------ Given material ------

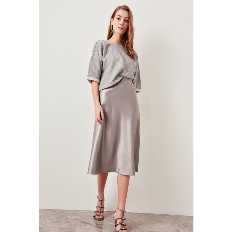 Women's midi skirt to the knee. Flowing loose fit. Satin look. Available in multiple colour options.
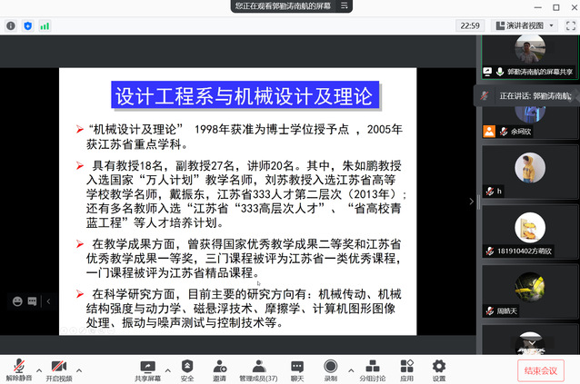 为进一步扩大学院影响,提升学院研究生生源质量,9月28日到9月30日,蜜桃视频 开展了3期线上系部大讲堂活动。本次大讲堂邀请到了设计工程系副主任郭勤涛、机械制造及其自动化系副主任郝秀清、机械电子工程系副主任姚佳烽、航空宇航制造工程系副主任鲍益东和工业设计系主任周海海老师作为主讲人,活动采用线上会议的方式。
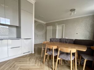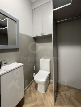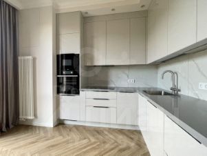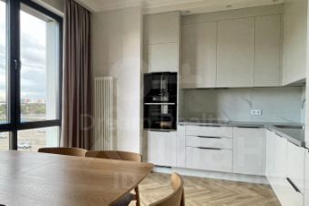 Планировка квартиры: кухня-гостиная с панорамным окном в пол, спальня, гардеробная, санузел с ванной и душем, санузел-прачечная, просторный холл. Квартира полностью готова для проживания, оснащена мебелью и встроенной бытовой техникой: варочная поверхность, духовка, микроволновая печь, посудомоечная машина, вытяжка, холодильник, стиральная машина. Окна выходят на бизнес-центр ComCity.
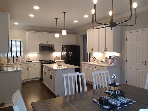 Stylish Mill Creek Village home. Walk to Mill Creek Market, shoppes, and golf course. Refinished hardwood flooring through out 1st floor. 2 story entry with impressive chandelier and staircase. 1st floor bedroom/office. French doors. Modern black and glass barn door. Beautiful slabs of white Carrarra quartz on counters and walls of kitchen. 6/2023 dishwasher, '21 microwave, stove, washer, dryer. Quartz counter tops in bathrooms. Gas fireplace. Trendy tile. Paint, carpet, tile, loft/laminate, door hardware, light fixtures, window treatments also '21. $110 monthly HOA covers yard work, snow removal, window washing and black top/driveway refreshing.

------

What to do:
Leave the images out and transcribe the rest of the material exactly.

Exercise response:
 Women's midi skirt to the knee. Flowing loose fit. Satin look. Available in multiple colour options.
 为进一步扩大学院影响,提升学院研究生生源质量,9月28日到9月30日,蜜桃视频 开展了3期线上系部大讲堂活动。本次大讲堂邀请到了设计工程系副主任郭勤涛、机械制造及其自动化系副主任郝秀清、机械电子工程系副主任姚佳烽、航空宇航制造工程系副主任鲍益东和工业设计系主任周海海老师作为主讲人,活动采用线上会议的方式。
 Планировка квартиры: кухня-гостиная с панорамным окном в пол, спальня, гардеробная, санузел с ванной и душем, санузел-прачечная, просторный холл. Квартира полностью готова для проживания, оснащена мебелью и встроенной бытовой техникой: варочная поверхность, духовка, микроволновая печь, посудомоечная машина, вытяжка, холодильник, стиральная машина. Окна выходят на бизнес-центр ComCity.
 Stylish Mill Creek Village home. Walk to Mill Creek Market, shoppes, and golf course. Refinished hardwood flooring through out 1st floor. 2 story entry with impressive chandelier and staircase. 1st floor bedroom/office. French doors. Modern black and glass barn door. Beautiful slabs of white Carrarra quartz on counters and walls of kitchen. 6/2023 dishwasher, '21 microwave, stove, washer, dryer. Quartz counter tops in bathrooms. Gas fireplace. Trendy tile. Paint, carpet, tile, loft/laminate, door hardware, light fixtures, window treatments also '21. $110 monthly HOA covers yard work, snow removal, window washing and black top/driveway refreshing.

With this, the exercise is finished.